● Task to complete
Each line from the one holding "ゾ〜ッとしながら見学👩🏻👩🏻" to the last line below must be restated word for word, and no picture may be included.

(Stored items)
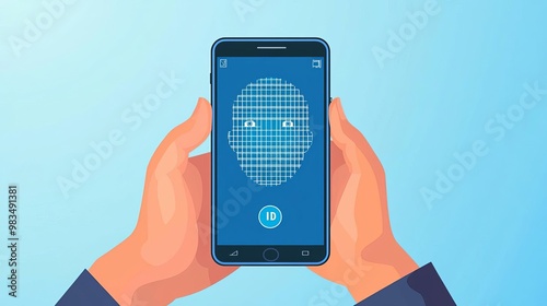 Face ID Log in Scan Hands holding a smartphone with a facial scan grid on the screen, Face ID technology, no face, flat design illustration
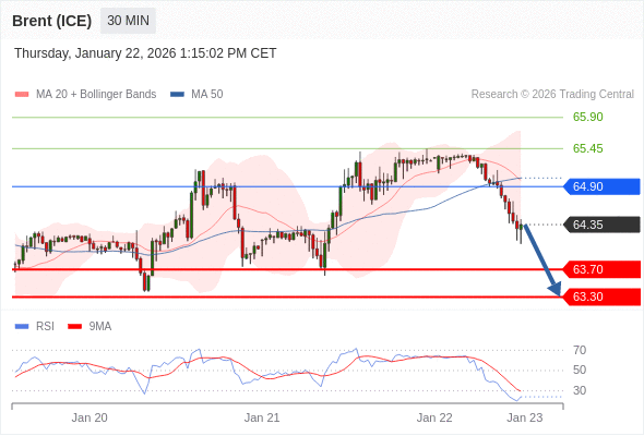 在 64.90 之下,看跌,目标价位为 63.70 ,然后为 63.30 。
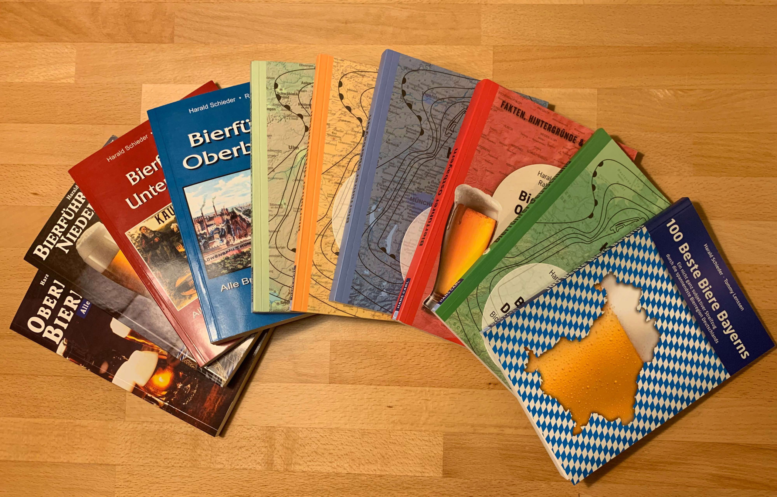 Nach einem kurzen Intermezzo mit zwei erschienenen Büchern, dem ‚Bierführer Unterfranken‚ (3) und dem ‚Bierführer Oberbayern‚ (4) im Erlanger Specht Verlag wechselten wir zum renommierten Nürnberger Fachverlag Hans Carl.
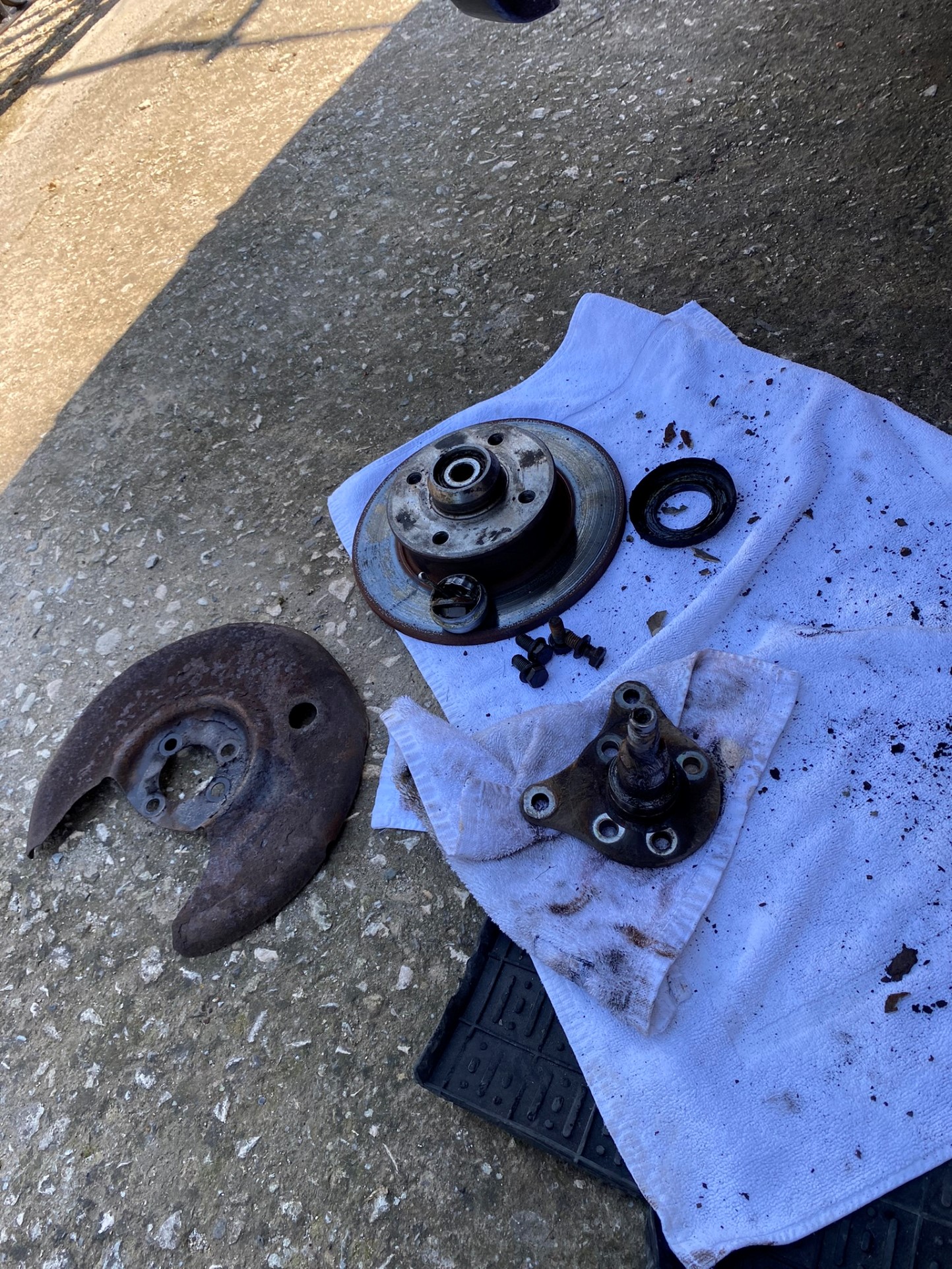 И там мизерия... Палците за ръчната изядени, осите за буталото и те изядени, шайбите които го държат изкрвени... На тавана имах два донора гирлинг 36 от както взех колата, демек 13 години
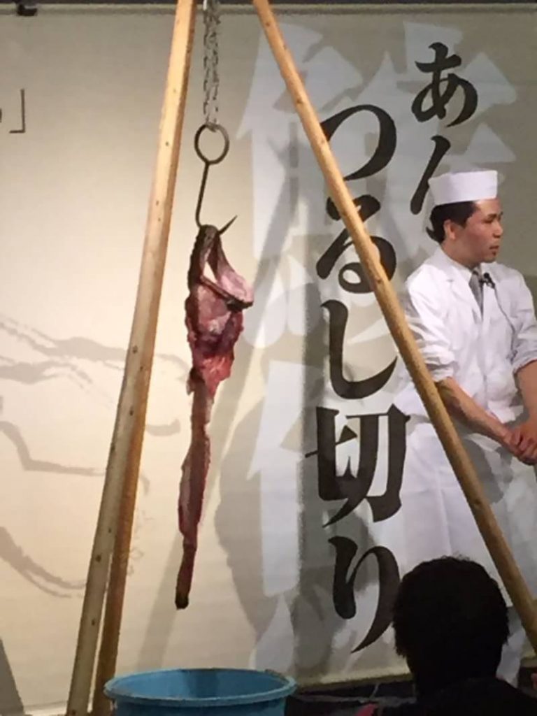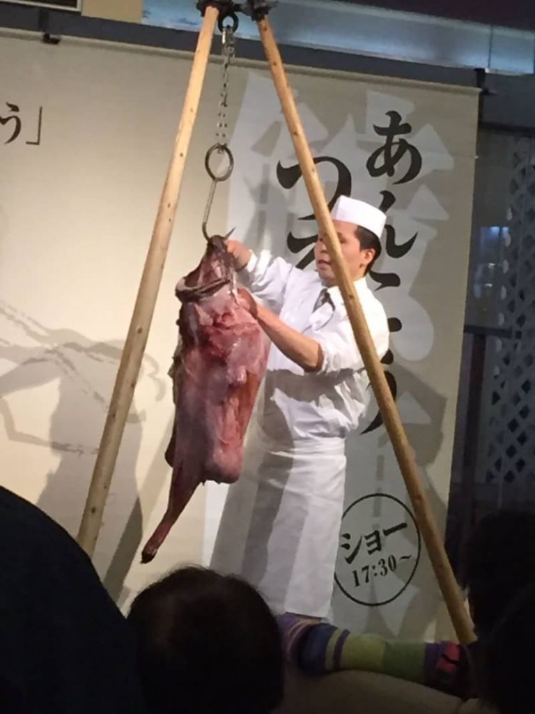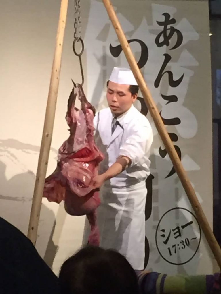 ゾ〜ッとしながら見学👩🏻👩🏻皮を剥がれてだんだん身を切られ、しまいには骨だけになった所を見てしまいました💦怖かった😭1999年から名物つるし切りショーやってます。ごちそうですよ🐟あん肝注文ありました🐟
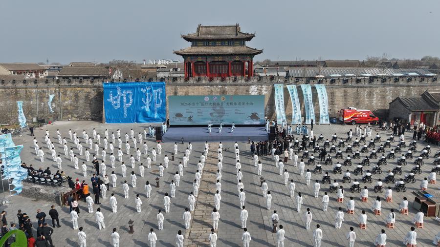 An aerial drone photo taken on March 21, 2026 shows a mass demonstration event of Taijiquan, a kind of Chinese traditional martial arts, in Yongnian District of Handan City, north China’s Hebei Province. (Xinhua)
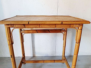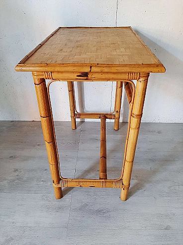 Tavolo da scrivania in bambù originale anni '70, ha una vista molto ben rifinita. In vendita c'è anche la sua sedia (la seduta è da fissare) Dimensioni cm 80-50-81 h Tutti i miei oggetti sono vintage o antichi o comunque usati quindi e' normale che presentino leggeri segni di usura e piccole imperfezioni.
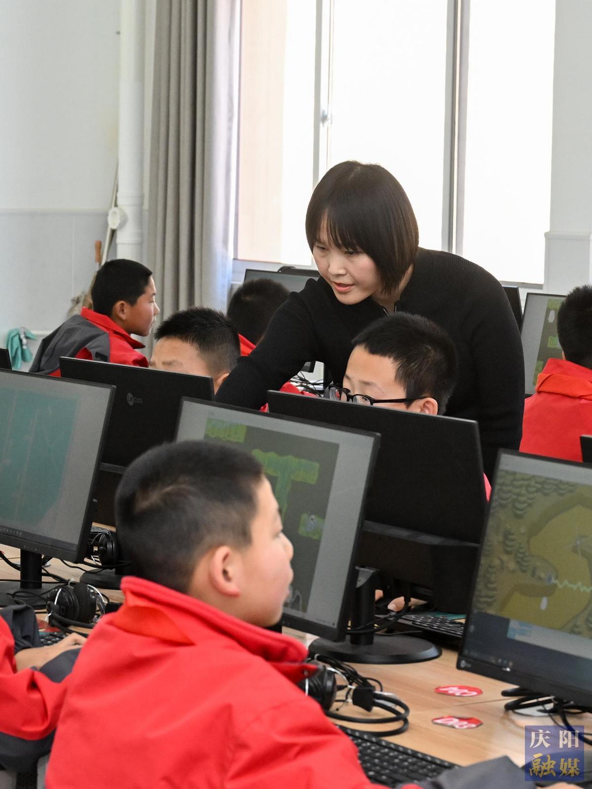 2月25日,在鎮(zhèn)原縣蓮池小學(xué),學(xué)生們?cè)诶蠋煹闹笇?dǎo)下利用編程知識(shí)創(chuàng)作簡(jiǎn)單的游戲程序。

● Result for this task
 ゾ〜ッとしながら見学👩🏻👩🏻皮を剥がれてだんだん身を切られ、しまいには骨だけになった所を見てしまいました💦怖かった😭1999年から名物つるし切りショーやってます。ごちそうですよ🐟あん肝注文ありました🐟
 An aerial drone photo taken on March 21, 2026 shows a mass demonstration event of Taijiquan, a kind of Chinese traditional martial arts, in Yongnian District of Handan City, north China’s Hebei Province. (Xinhua)
 Tavolo da scrivania in bambù originale anni '70, ha una vista molto ben rifinita. In vendita c'è anche la sua sedia (la seduta è da fissare) Dimensioni cm 80-50-81 h Tutti i miei oggetti sono vintage o antichi o comunque usati quindi e' normale che presentino leggeri segni di usura e piccole imperfezioni.
 2月25日,在鎮(zhèn)原縣蓮池小學(xué),學(xué)生們?cè)诶蠋煹闹笇?dǎo)下利用編程知識(shí)創(chuàng)作簡(jiǎn)單的游戲程序。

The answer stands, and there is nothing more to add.